Everyday Practice and Everyday Martial Arts

Building your capacity in martial arts to a high level takes a tremendous amount of purposeful practice. Yet, finding that time in our busy lives can be difficult. One thing that has helped me is recognizing that there are many moments in my life where I can give a little attention to my martial arts and that giving many small moments to martial arts can be very impactful in my life as a whole.

Waiting for the Bus

Posture is a central part of effective martial movement and healthy life movement. Having a tall spine, neutral shoulders, head up and proud, and your body relaxed but “stacked”. Building the alignment of your body promotes positive joint health and allows for efficient and powerful movement. Every moment you put into building your postural stability and your capacity to move in a healthy manner pays both life and martial dividends.
When I’m walking up the stairs I’m practicing my combative lunge. I focus on knee alignment and engagement of my glutes as I press my body up to the next step. When I’m walking down the street I seek to keep my feet aligned forward, traveling through my whole foot as I step, keeping myself tall, chest forward, shoulders back. This is the way I want my foot to align and my weight to travel when I’m launching through a powerful step in a longsword cut.
When I pause to wait for the bus there’s a moment to become aware of groundedness, alignment in standing, or even to practice a martial posture—if you’re not worried about looking goofy. One of my students proudly proclaimed to me that his rapier stance allowed him to keep balanced on a long train trip where he was trapped in the middle of an aisle with no handles to grab.
There is more time to practice healthy alignment on the street than you’ll ever be able to make in the school.
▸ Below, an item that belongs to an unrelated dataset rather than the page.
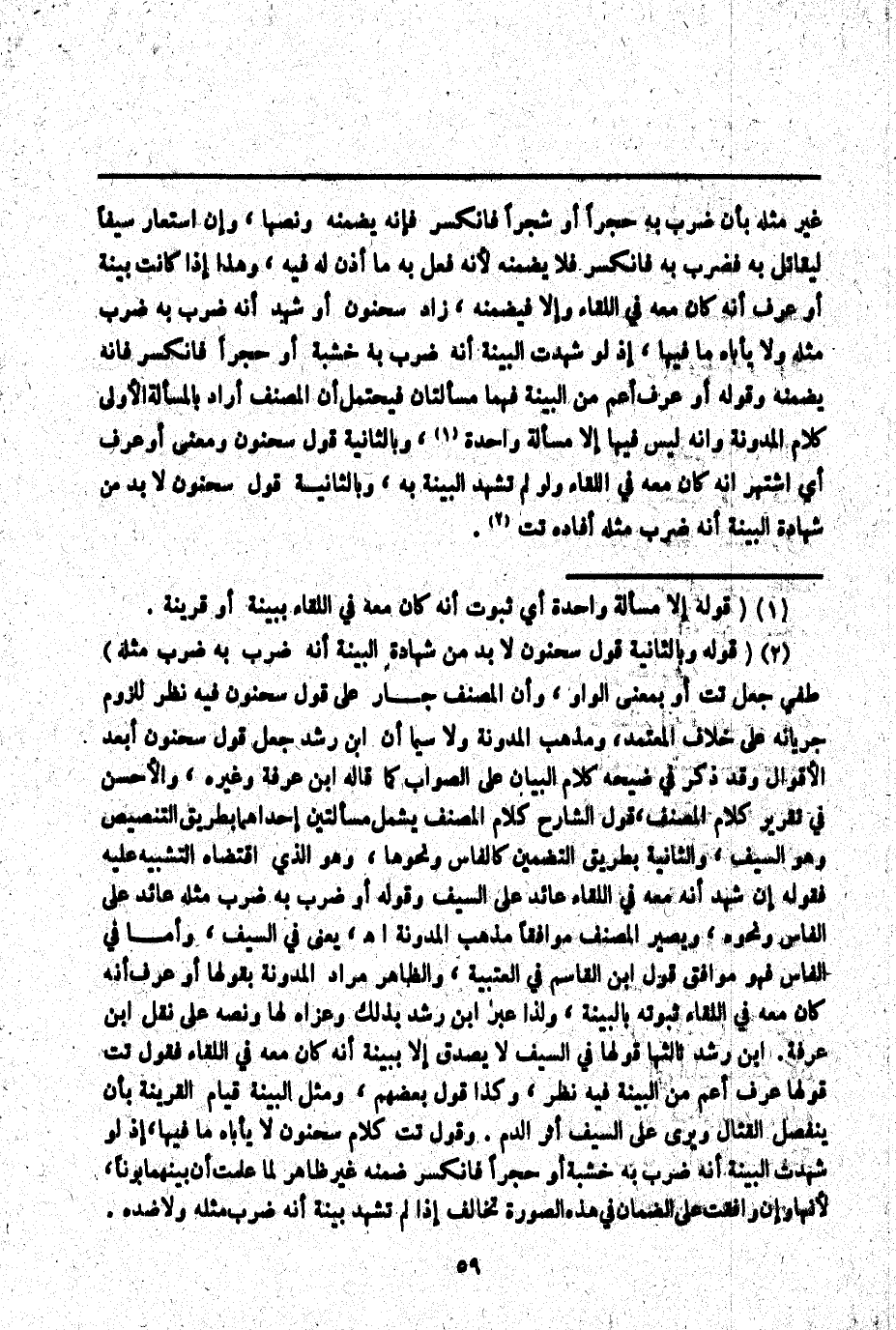 ـــــــــــــــــــــــــــــQغَيْرِ مِثْلِهِ بِأَنْ ضَرَبَ بِهِ حَجَرًا أَوْ شَجَرًا فَانْكَسَرَ فَإِنَّهُ يَضْمَنُهُ وَنَصُّهَا، وَإِنْ اسْتَعَارَ سَيْفًا لِيُقَاتِلَ بِهِ فَضَرَبَ بِهِ فَانْكَسَرَ فَلَا يَضْمَنُهُ لِأَنَّهُ فَعَلَ بِهِ مَا أُذِنَ لَهُ فِيهِ، وَهَذَا إذَا كَانَتْ بَيِّنَةٌ أَوْ عُرْفٌ أَنَّهُ كَانَ مَعَهُ فِي اللِّقَاءِ وَإِلَّا فَيَضْمَنُهُ، زَادَ سَحْنُونٌ أَوْ شَهِدَ أَنَّهُ ضَرَبَ بِهِ ضَرْبَ مِثْلِهِ وَلَا يَأْبَاهُ مَا فِيهَا إذْ لَوْ شَهِدَتْ الْبَيِّنَةُ أَنَّهُ ضَرَبَ بِهِ خَشَبَةً أَوْ حَجَرًا فَانْكَسَرَ فَإِنَّهُ يَضْمَنُهُ وَقَوْلُهُ أَوْ عُرْفٌ أَعَمُّ مِنْ الْبَيِّنَةِ فَهُمَا مَسْأَلَتَانِ فَيُحْتَمَلُ أَنَّ الْمُصَنِّفَ أَرَادَ بِالْمَسْأَلَةِ الْأُولَى كَلَامَ الْمُدَوَّنَةِ وَأَنَّهُ لَيْسَ فِيهَا إلَّا مَسْأَلَةٌ وَاحِدَةٌ، وَبِالثَّانِيَةِ قَوْلَ سَحْنُونٍ وَمَعْنَى أَوْ عُرْفٌ أَيْ اشْتَهَرَ أَنَّهُ كَانَ مَعَهُ فِي اللِّقَاءِ وَلَوْ لَمْ تَشْهَدْ الْبَيِّنَةُ بِهِ، وَبِالثَّانِيَةِ قَوْلُ سَحْنُونٍ لَا بُدَّ مِنْ شَهَادَةِ الْبَيِّنَةِ أَنَّهُ ضَرَبَ مِثْلَهُ أَفَادَهُ تت.

Combative Stress & Life Stress

My most profound experiences in martial arts have felt like movement meditations, and my non-martial meditation practice has made me a more relaxed and effective martial artist.
Approaching combat in a more relaxed manner as work, play, and collaborative interaction is a tremendously powerful way to promote the ability to stay present through complex actions. Mindfulness and focused relaxation protects you from frustration, over-tension (which leads to chasing in parries and chasing lost or false opportunities), or giving up too early—all significant detriments in sparring.
And the reverse is also true. Learning to be mindful and relaxed during the stresses of combat can have a meaningful impact on how you face stress in all areas of your life. Whether that is arguments, work frustrations, or the myriad of non-combative conflicts life presents. Swordplay might be the most interesting partnered yoga practice you can engage in.
Every moment of your martial arts practice can be a moment for life practice and many moments in everyday life are a time for martial practice.
Good training and good living everyone.